In your copy of the entries below, keep every word exactly and leave out all images.

Exercise inputs below:

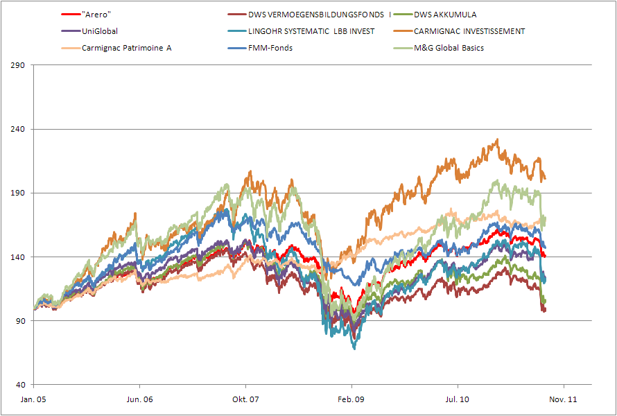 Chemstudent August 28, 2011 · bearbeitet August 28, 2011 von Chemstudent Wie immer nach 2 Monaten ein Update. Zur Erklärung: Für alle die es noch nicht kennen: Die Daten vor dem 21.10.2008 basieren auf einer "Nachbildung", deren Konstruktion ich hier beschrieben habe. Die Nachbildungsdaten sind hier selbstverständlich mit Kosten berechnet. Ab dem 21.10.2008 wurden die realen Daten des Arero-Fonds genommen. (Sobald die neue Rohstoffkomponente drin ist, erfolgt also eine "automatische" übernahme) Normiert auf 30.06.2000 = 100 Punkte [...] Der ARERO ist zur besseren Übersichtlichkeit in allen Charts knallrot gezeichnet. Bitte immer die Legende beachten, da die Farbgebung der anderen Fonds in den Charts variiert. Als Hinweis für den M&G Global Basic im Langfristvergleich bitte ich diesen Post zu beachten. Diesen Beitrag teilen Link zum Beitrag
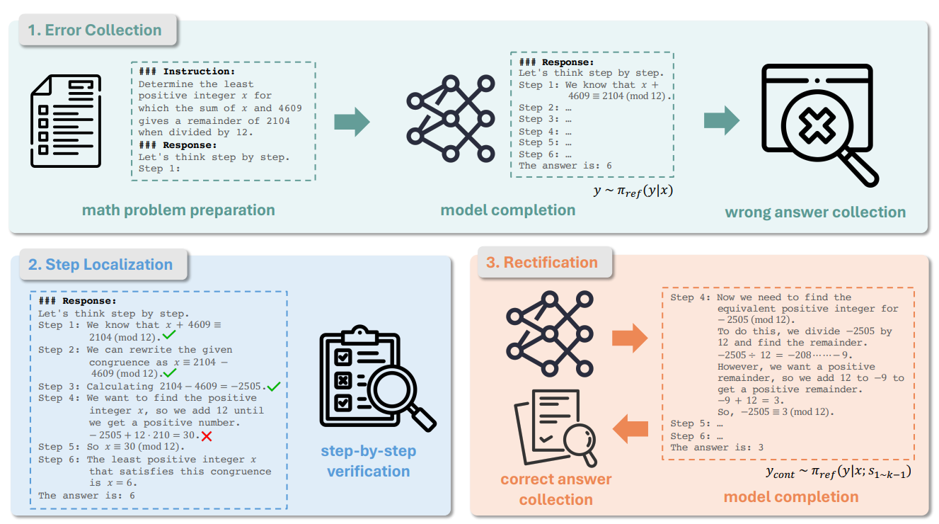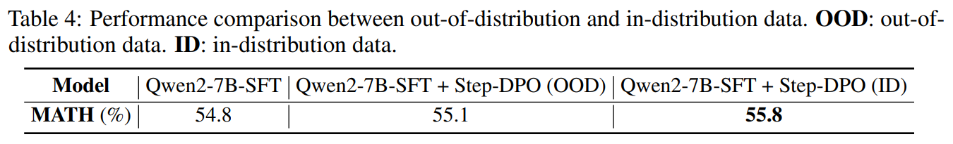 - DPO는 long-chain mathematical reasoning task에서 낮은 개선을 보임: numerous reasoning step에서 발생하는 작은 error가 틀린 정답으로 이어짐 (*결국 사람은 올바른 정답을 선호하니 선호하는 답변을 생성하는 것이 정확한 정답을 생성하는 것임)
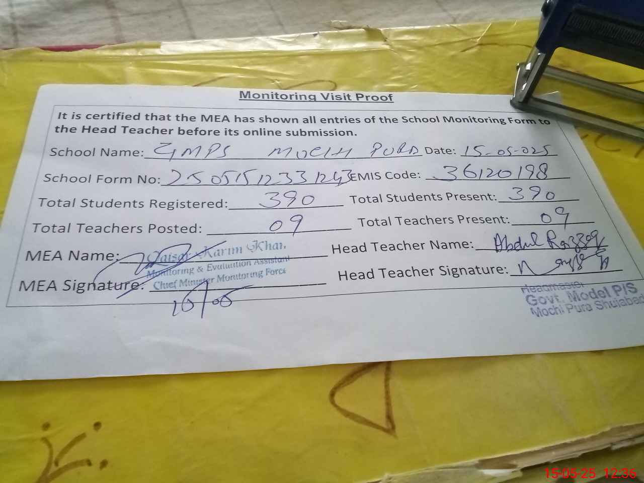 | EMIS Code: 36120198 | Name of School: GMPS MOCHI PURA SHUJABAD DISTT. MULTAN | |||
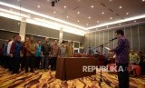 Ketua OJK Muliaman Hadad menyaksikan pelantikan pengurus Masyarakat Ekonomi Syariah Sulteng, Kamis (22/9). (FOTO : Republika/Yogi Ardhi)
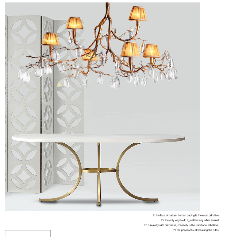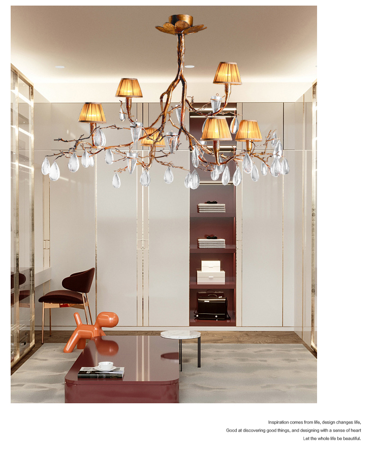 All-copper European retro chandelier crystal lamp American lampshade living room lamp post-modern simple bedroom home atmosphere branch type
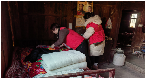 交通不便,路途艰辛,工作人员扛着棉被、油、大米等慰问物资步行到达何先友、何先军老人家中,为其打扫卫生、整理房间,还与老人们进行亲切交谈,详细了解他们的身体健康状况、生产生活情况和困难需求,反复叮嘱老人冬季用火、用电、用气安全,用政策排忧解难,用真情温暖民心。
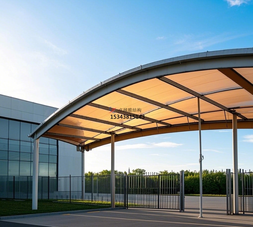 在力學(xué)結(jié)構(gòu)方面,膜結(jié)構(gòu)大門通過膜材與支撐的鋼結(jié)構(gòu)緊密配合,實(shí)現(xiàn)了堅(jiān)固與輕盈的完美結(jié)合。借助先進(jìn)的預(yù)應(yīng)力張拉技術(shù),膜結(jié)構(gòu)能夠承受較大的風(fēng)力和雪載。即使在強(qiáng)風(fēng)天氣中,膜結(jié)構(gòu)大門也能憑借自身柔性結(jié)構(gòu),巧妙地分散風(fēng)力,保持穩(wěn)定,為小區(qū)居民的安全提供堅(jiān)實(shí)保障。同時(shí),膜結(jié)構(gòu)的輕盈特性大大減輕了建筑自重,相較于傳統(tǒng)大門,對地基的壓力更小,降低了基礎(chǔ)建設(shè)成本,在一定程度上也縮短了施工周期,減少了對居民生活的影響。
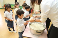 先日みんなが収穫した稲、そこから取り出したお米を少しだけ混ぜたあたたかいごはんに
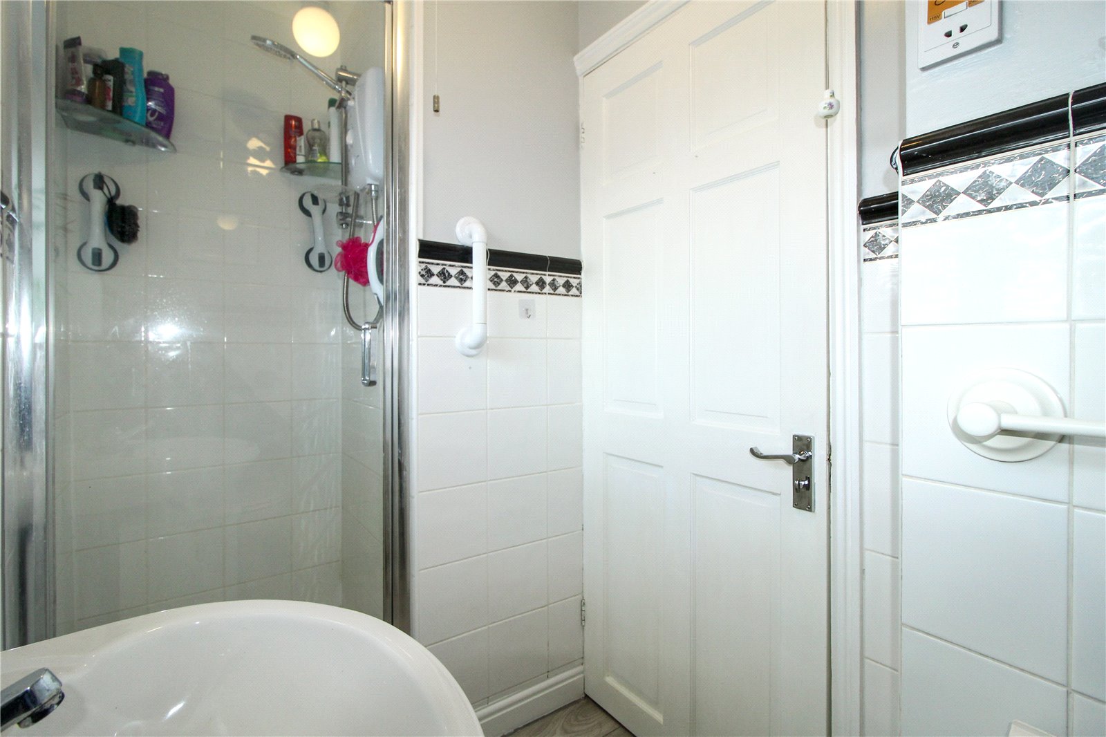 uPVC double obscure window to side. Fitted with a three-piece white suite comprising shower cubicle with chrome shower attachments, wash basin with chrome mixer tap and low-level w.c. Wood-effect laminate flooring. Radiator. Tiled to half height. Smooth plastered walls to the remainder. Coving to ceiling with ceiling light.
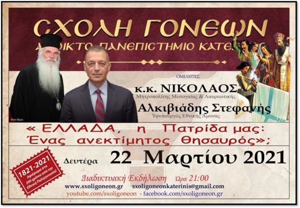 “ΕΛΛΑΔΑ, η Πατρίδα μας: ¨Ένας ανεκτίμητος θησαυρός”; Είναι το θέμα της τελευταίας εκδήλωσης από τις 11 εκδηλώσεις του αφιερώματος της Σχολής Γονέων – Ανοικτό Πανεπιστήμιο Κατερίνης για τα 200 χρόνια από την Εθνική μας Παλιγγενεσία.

End of Exercise inputs.

Output for this task:
 Chemstudent August 28, 2011 · bearbeitet August 28, 2011 von Chemstudent Wie immer nach 2 Monaten ein Update. Zur Erklärung: Für alle die es noch nicht kennen: Die Daten vor dem 21.10.2008 basieren auf einer "Nachbildung", deren Konstruktion ich hier beschrieben habe. Die Nachbildungsdaten sind hier selbstverständlich mit Kosten berechnet. Ab dem 21.10.2008 wurden die realen Daten des Arero-Fonds genommen. (Sobald die neue Rohstoffkomponente drin ist, erfolgt also eine "automatische" übernahme) Normiert auf 30.06.2000 = 100 Punkte [...] Der ARERO ist zur besseren Übersichtlichkeit in allen Charts knallrot gezeichnet. Bitte immer die Legende beachten, da die Farbgebung der anderen Fonds in den Charts variiert. Als Hinweis für den M&G Global Basic im Langfristvergleich bitte ich diesen Post zu beachten. Diesen Beitrag teilen Link zum Beitrag
 - DPO는 long-chain mathematical reasoning task에서 낮은 개선을 보임: numerous reasoning step에서 발생하는 작은 error가 틀린 정답으로 이어짐 (*결국 사람은 올바른 정답을 선호하니 선호하는 답변을 생성하는 것이 정확한 정답을 생성하는 것임)
 | EMIS Code: 36120198 | Name of School: GMPS MOCHI PURA SHUJABAD DISTT. MULTAN | |||
 Ketua OJK Muliaman Hadad menyaksikan pelantikan pengurus Masyarakat Ekonomi Syariah Sulteng, Kamis (22/9). (FOTO : Republika/Yogi Ardhi)
 All-copper European retro chandelier crystal lamp American lampshade living room lamp post-modern simple bedroom home atmosphere branch type
 交通不便,路途艰辛,工作人员扛着棉被、油、大米等慰问物资步行到达何先友、何先军老人家中,为其打扫卫生、整理房间,还与老人们进行亲切交谈,详细了解他们的身体健康状况、生产生活情况和困难需求,反复叮嘱老人冬季用火、用电、用气安全,用政策排忧解难,用真情温暖民心。
 在力學(xué)結(jié)構(gòu)方面,膜結(jié)構(gòu)大門通過膜材與支撐的鋼結(jié)構(gòu)緊密配合,實(shí)現(xiàn)了堅(jiān)固與輕盈的完美結(jié)合。借助先進(jìn)的預(yù)應(yīng)力張拉技術(shù),膜結(jié)構(gòu)能夠承受較大的風(fēng)力和雪載。即使在強(qiáng)風(fēng)天氣中,膜結(jié)構(gòu)大門也能憑借自身柔性結(jié)構(gòu),巧妙地分散風(fēng)力,保持穩(wěn)定,為小區(qū)居民的安全提供堅(jiān)實(shí)保障。同時(shí),膜結(jié)構(gòu)的輕盈特性大大減輕了建筑自重,相較于傳統(tǒng)大門,對地基的壓力更小,降低了基礎(chǔ)建設(shè)成本,在一定程度上也縮短了施工周期,減少了對居民生活的影響。
 先日みんなが収穫した稲、そこから取り出したお米を少しだけ混ぜたあたたかいごはんに
 uPVC double obscure window to side. Fitted with a three-piece white suite comprising shower cubicle with chrome shower attachments, wash basin with chrome mixer tap and low-level w.c. Wood-effect laminate flooring. Radiator. Tiled to half height. Smooth plastered walls to the remainder. Coving to ceiling with ceiling light.
 “ΕΛΛΑΔΑ, η Πατρίδα μας: ¨Ένας ανεκτίμητος θησαυρός”; Είναι το θέμα της τελευταίας εκδήλωσης από τις 11 εκδηλώσεις του αφιερώματος της Σχολής Γονέων – Ανοικτό Πανεπιστήμιο Κατερίνης για τα 200 χρόνια από την Εθνική μας Παλιγγενεσία.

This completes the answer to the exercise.